The meeting is the first step of a likely year-long process to create a comprehensive plan, which the town does not currently have. The town does have a community development plan, but it is vague and outdated in places, according to Ms. Rivezzi.
“It’s always a good idea to look at where you are, to imagine where you’d like to be … and then try to figure out some way to get there,” said John Tenbusch, a representative of the county planning office who attended the meeting. “You’re going to grow, you’re going to change anyway. If you don’t plan for it, you’re going to end up in a place and a direction you didn’t want.”
Having a comprehensive plan is especially important as the town recently voted to become a climate smart community, reducing emissions and increasing resiliency to severe weather. The meeting was run by Erik C. Backus, director of the construction engineering management program at Clarkson University, who was one of the people who first approached the town about becoming a climate smart community.
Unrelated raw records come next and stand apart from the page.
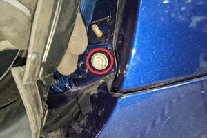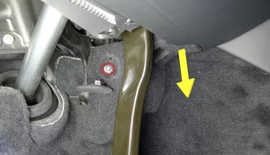 拉起左侧 B 柱饰板下部密封件,然后安装将左侧 B 柱饰板固定到车身的螺钉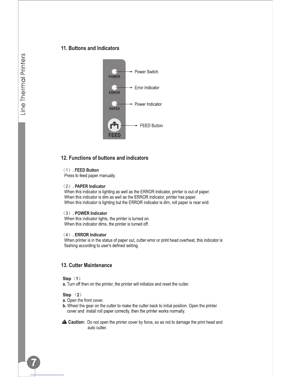 Sinocan P11-USL - 11. Buttons and Indicators; Power switch, error, paper, and feed buttons identified; 12. Functions of buttons and indicators; FEED button for manual paper feeding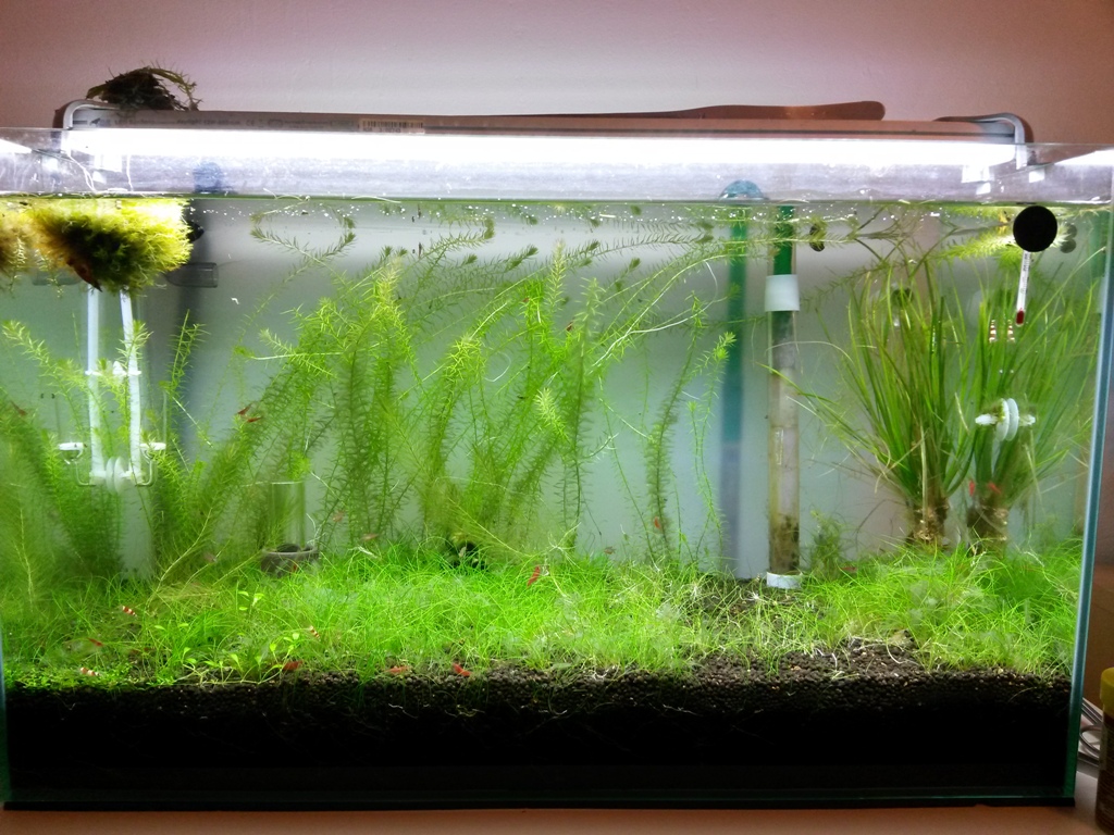 ich habe seit einiger Zeit eine CO2 Anlage um die Algen ein bisschen in den Griff zu bekommen und die Pflanzen zum wachsen anzuregen.
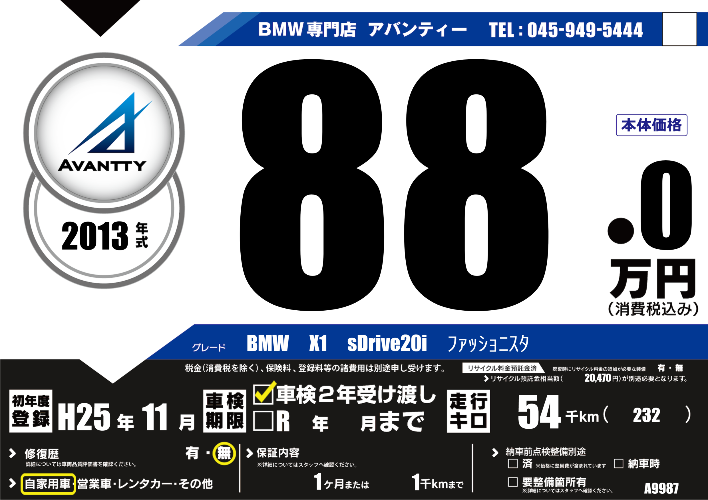 BMW X1 sDrive20i ファッショニスタ |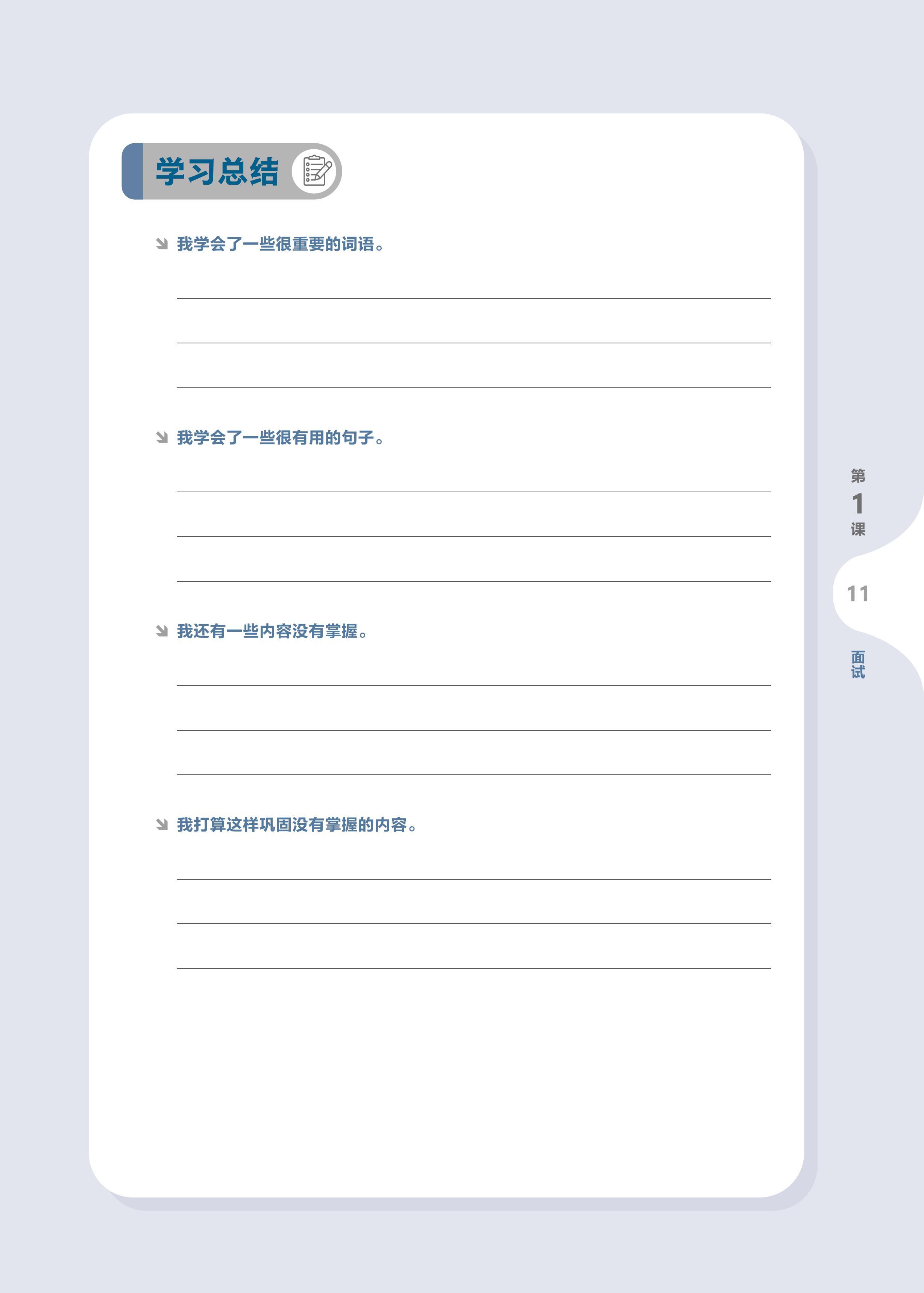 • Từ ngữ và Hội thoại: Nội dung cốt lõi của mỗi bài. Mỗi bài học hai đoạn hội thoại liên quan đến chủ đề bài học, thúc đẩy tình tiết câu chuyện phát triển, đồng thời nắm vững các từ ngữ trọng điểm liên quan, đặc biệt là các từ ngữ thường dùng trong môi trường kinh doanh.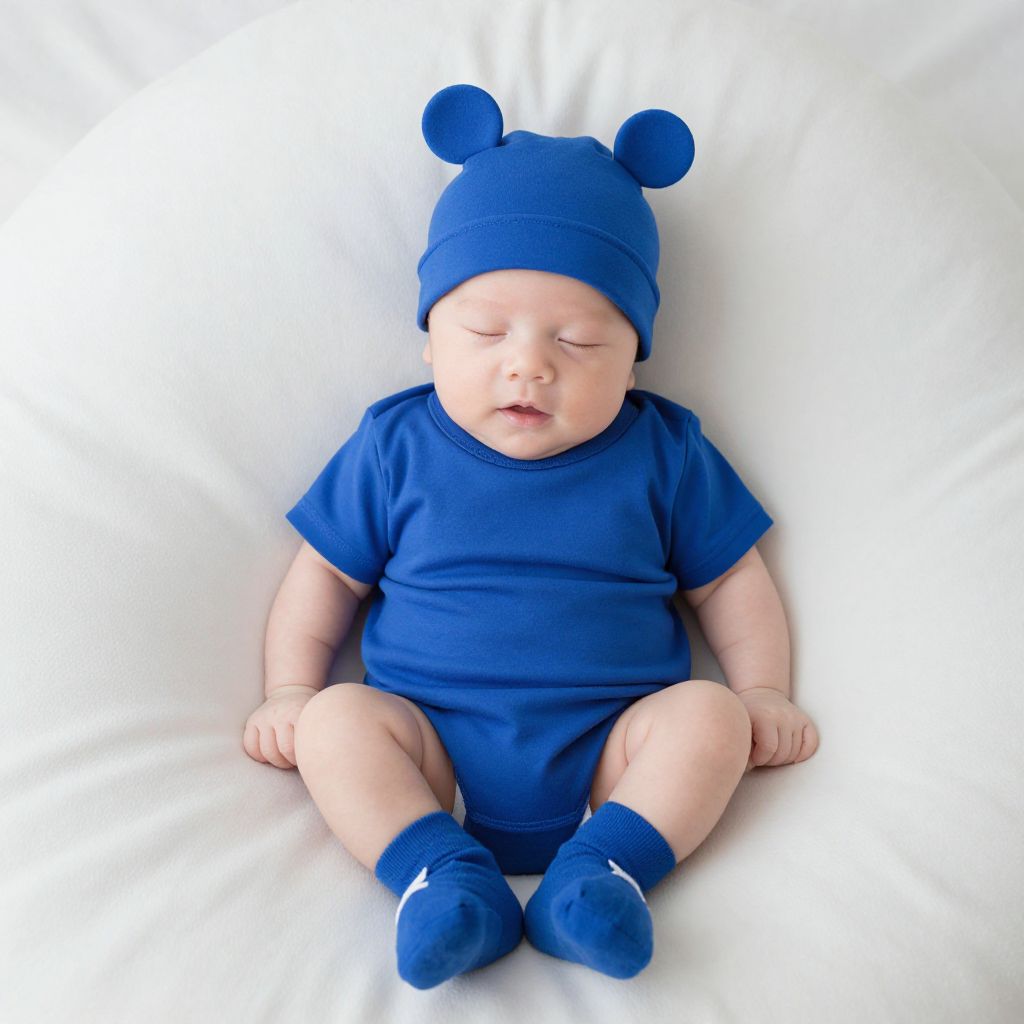 Newborn Clothing Costume, baby sitting on a bed wearing a blue hat

“We’re going to engage in this process of working together to come up with some ideas, for sure,” said Mr. Backus, as he introduced the meeting process. “But then we’re going to commit ourselves to taking action with these, through first a planning process … but also beyond that.”
Mr. Backus worked on resiliency and infrastructure issues in Virginia when he worked as the engineering planner for George Mason University, and reviewed some ways other municipalities had used these plans to re-vitalize communities.
He then asked participants to gather around one of six tables, each addressing agricultural land use, infrastructure and energy, resiliency, quality of life and culture, housing and neighborhoods or economic development. After brainstorming at the tables, the participants presented some of the major themes.
Many of the suggestions were based on using incentives to promote and improve existing assets in the town, from businesses to natural resources. A particular focus was housing, with suggestions for increasing household resiliency in the event of a disaster, creating more housing for senior citizens, and improving sub-standard housing with major defects.
With many ideas literally on the table, each written down on a post-it note, Mr. Backus asked how these ideas would become reality.
“The answer is people get engaged,” he said, before asking for volunteers to continue the planning. The process will continue with sub-committees working on these six topics.
“This is exciting — I’m surprised the town of Potsdam doesn’t have a comprehensive plan,” said Karen Bage, a community coordinator with the health initiative, who attended the meeting. “I’m excited that there’s an energetic town board that wants to take on this challenge.”